The following musing, surely inspired by I, Pencil, the economic essay by Leonard Read from 1958 to demonstrate the power of Adam Smith’s invisible hand of the market concept (cooperation without coercion) and the necessity of prices to communicate among dispersed knowledge, to paraphrase Milton Friedman’s characterization of the essay, popped up on my Facebook memories. If anyone has followed this blog for a while (and thank you!), then you know I love cereal. I mean, what’s most important in life is family, dogs, and cereal. I kid, sort of. But inspired by the aforementioned essay, I started thinking … (I edited my original thoughts for grammar, clarify, and added some points here and there to round out the point.)
Has anyone else ever considered how screwed [I used such beautiful language eight years ago] we would be if we had to make our own food? I’m not talking about cooking; I mean literally making our own food. And not just food, but really, any good that we use. But let’s stick with food, and take one of my favorite dishes: cereal, and any cereal, such as Frosted Flakes, Fruit Loops, Waffle Crisp or Cap’n Crunch.
I wouldn’t even know where to begin. Perhaps the “easiest” step would be procuring the milk, but first I have to figure out where some cows are, and I can’t just go up to them and start tugging on their utters, and besides, I would have to YouTube how to do it right — YouTube in general can get you far, but I think it still hasn’t contradicted the point of Read’s essay 65 years ago.
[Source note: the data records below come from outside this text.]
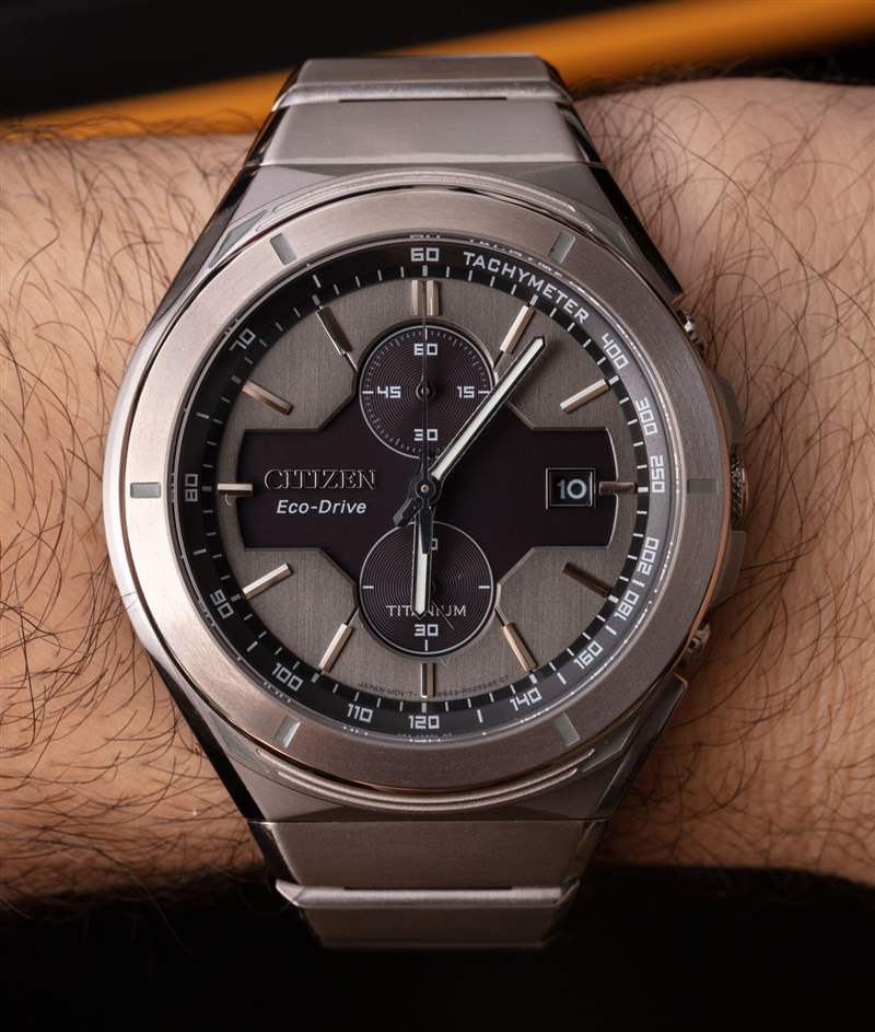 西鐵城不是典型的集成手鐲手表大師,同樣,超級鈦盔甲感覺很新穎。也就是說,該公司在制造與表殼無縫集成的手鐲方面有著悠久的歷史。問題在于,這最終會使手表變得“更長”(表耳到表耳的距離),從而帶來更大的佩戴體驗(對較小的手腕提出了挑戰(zhàn))。我記得我的第一塊西鐵城手表,它也有一種集成式表鏈,盡管它只有 38 毫米寬,但它填滿了我的手腕。Super Titanium Armor 手表的寬度分別約為 40 毫米和 45 毫米,介于三針和計時表款之間。計時碼表的表耳到表耳的距離大約為 56 毫米(三針型號為 53 毫米),因此計時碼表的磨損特別大。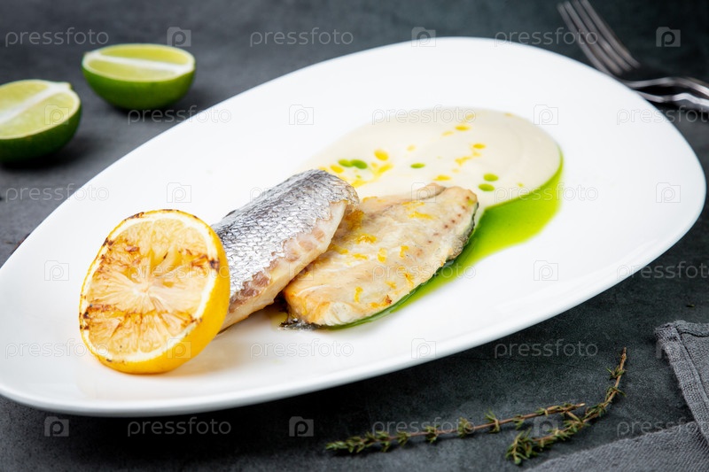 Кусочки жареной рыбы с соусом и жареным лимоном на белой тарелке, вид сбоку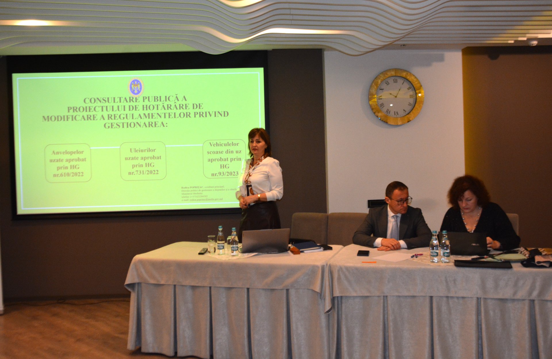 Ministerul Mediului a organizat astăzi audieri publice pentru a dezbate propunerile de modificare a regulamentelor privind gestionarea anvelopelor uzate, uleiurilor uzate și vehiculelor scoase din uz. Evenimentul a reunit experți, agenți economici și reprezentanți ai instituțiilor de mediu, transmite MOLDPRES.
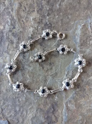Elegante pulsera de estilo vintage en plata de ley, con un diseño de filigrana y detalles de flores. Largo 18 Ctm Diámetro de roseta 8mm - Adornada con piedras negras. - Acabado en tono plateado. Artículo nuevo. no negociable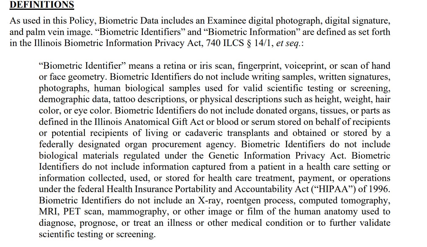 Biometrics can also be collected on patients using medical records. If you haven’t heard me say it before, please hear me now. When you get asked to have your picture taken for your medical record, I suggest you decline the photo op. That picture can be used to collect biomteric information which can be used to connect your identity to social media posts, or any number of other things. Don’t forget many hospitals have a Palantir program called Foundry built-in to the system. In addition, healthcare institutions must report data to the Palantir program HHS Protect. (it’s called something else now but it’s still there).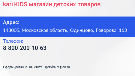 kari KIDS, магазин детских товаров по адресу 143005, Московская область, Одинцово, Говорова, 163 в дальнейшем Организация, размещена в следующих категориях:
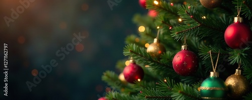 Evergreen tree with colorful ornaments scattered around branches, wooden ornaments, holiday ornaments, Christmas tree lights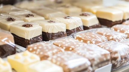 Assorted delectable desserts wrapped in plastic, displayed in a bakery with soft lighting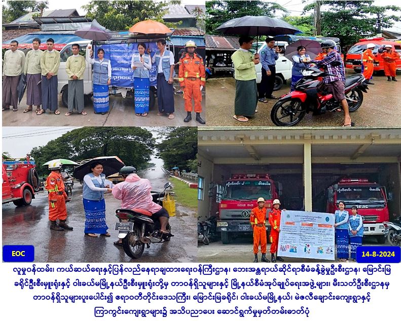 လူမှု၀န်ထမ်း၊ ကယ်ဆယ်ရေးနှင့်ပြန်လည်နေရာချထားရေး၀န်ကြီးဌာန၊ ဘေးအန္တရာယ်ဆိုင်ရာစီမံခန့်ခွဲမှုဦးစီးဌာန၊ မြောင်းမြခရိုင်ဦးစီးမှူးရုံးနှင့် ဝါးခယ်မမြို့နယ်ဦးစီးမှူးရုံတို့မှ တာဝန်ရှိသူများနှင့် မြို့နယ်စီမံအုပ်ချုပ်ရေးအဖွဲ့များ၊ မီးသတ်ဦးစီးဌာနမှ တာဝန်ရှိသူ များပူးပေါင်း၍ (၁၄-၈-၂၀၂၄) ရက်နေ့တွင် ဝါးခယ်မ မြို့နယ်၊ မဲဇလီချောင်းကျေးရွာနှင့် ကြာကွင်းကျေးရွာများ၌ မိုးကြိုကာလအတွင်း ဖြစ်ပွားလေ့ရှိသော ရေဘေးနှင့် မြေပြိုဘေးအန္တရာယ်ဆိုင်ရာ ဆောင်ရန် / ရှောင်ရန်အချက်များအား ရပ်ကွက်၊ ကျေးရွာနေပြည်သူများသိရှိစေရန် လိုက်လံနှိုးဆော်အသိပညာပေးခြင်း၊ ဗီနိုင်းပိုစတာနှင့် လက်ကမ်းစာစောင်ဖြန့်ဝေပေးခြင်းများ ဆောင်ရွက်ခဲ့ပါကြောင်း သတင်းရရှိပါသည်။

But then what about the pasteurization process? Granted, there are those who drink — and have legally fought for the right — milk raw, but no thank you!
Beyond that, from scratch figuring out how to bring together all the necessary equipment and ingredients to make the cereal itself. Even a few ingredient cereal is still going to be time-intensive, if you have reasonable access to them. Then there is the process to make the spoon and the bowl to eat it with. Going as basic as you can on this — perhaps forgetting about the spoon and using your mouth! — with a clay-based ceramic bowl instead of a plastic one or more advanced clay techniques, such as silicon carbide, that is still, as you may notice the reoccurring theme here, time-intensive!
Imagine how much time it takes just to create one bowl of cereal for one person dong it on their own. It’s madness. To peel back the layers upon layers and interconnected processes involved, most of whom aren’t even aware of the other (in other words, the bowl-makers don’t care about the spoon-makers who don’t care about what General Mills is doing, but they nevertheless depend on each other for optimal product use!), and you can see the issue. And I sure as hell ain’t interested in killing the cow and turning it into a juicy hamburger.
The division of labor, specialization, capital accumulation, all the these things, make it possible so that most of the things I utilize and interact with on a daily basis are immeasurably easier to access, freeing me up to ponder these things, to write fiction, to read poetry, to watch movies, to read a book and so on. It’s a pathway to culture in that sense, but I digress.
Read’s essay is obviously better and I highly recommend it, but if you take anything away from this (other than that cereal is delicious!), then let me end on the same G.K. Chesterton quote Read used, “We are perishing for want of wonder, not for want of wonders.”
Never cease to wonder, even about something as basic as a pencil or a bowl of cereal.